WHAT THE TASK ASKS: Please transcribe exactly the line that holds "<b>1953-S Washington Quarter" and all lines that follow it to the end of the records below, omitting any pictures.

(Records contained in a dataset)

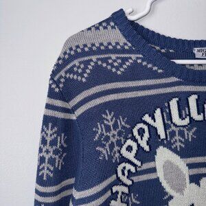 Mighty Fine Happy Llamakkah Snowflake Sweater XL Blue & White
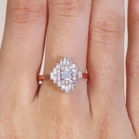Art Deco Lab Diamond Baguette Halo Mosaic Ring
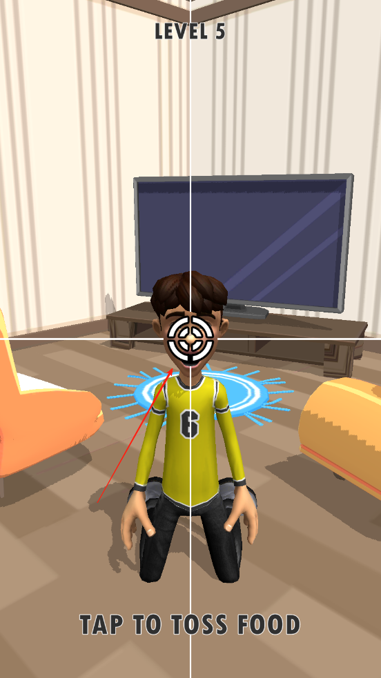 2、横向准心校准之后,需要继续瞄准人物的嘴,准心会上下移动,当准心对准人物的嘴时,即可点击屏幕抛掷食物给人物。
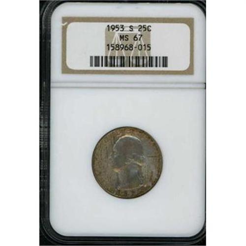 <b>1953-S Washington Quarter Dollar. NGC graded MS67.</b> Nice original gray to russet toning <b>(PCGS # 5854)</b>
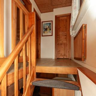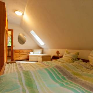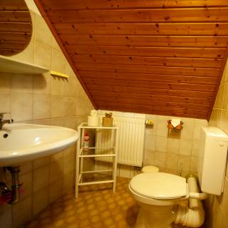 Das Ferienhaus liegt gleich hinter unserem Hof, umgeben von alten Bäumen auf einem eingezäunten Gartengrundstück mit eigenem Parkplatz. Es hat eine Wohnfläche von 75 qm mit 2 Doppelbettschlafzimmern und einer Toilette im Obergeschoß. Im Erdgeschoß befindet sich das Wohnzimmer, eine voll ausgestattete Küche inkl. Spülmaschine und eine Dusche mit WC.

RESPONSE AREA:
 <b>1953-S Washington Quarter Dollar. NGC graded MS67.</b> Nice original gray to russet toning <b>(PCGS # 5854)</b>
 Das Ferienhaus liegt gleich hinter unserem Hof, umgeben von alten Bäumen auf einem eingezäunten Gartengrundstück mit eigenem Parkplatz. Es hat eine Wohnfläche von 75 qm mit 2 Doppelbettschlafzimmern und einer Toilette im Obergeschoß. Im Erdgeschoß befindet sich das Wohnzimmer, eine voll ausgestattete Küche inkl. Spülmaschine und eine Dusche mit WC.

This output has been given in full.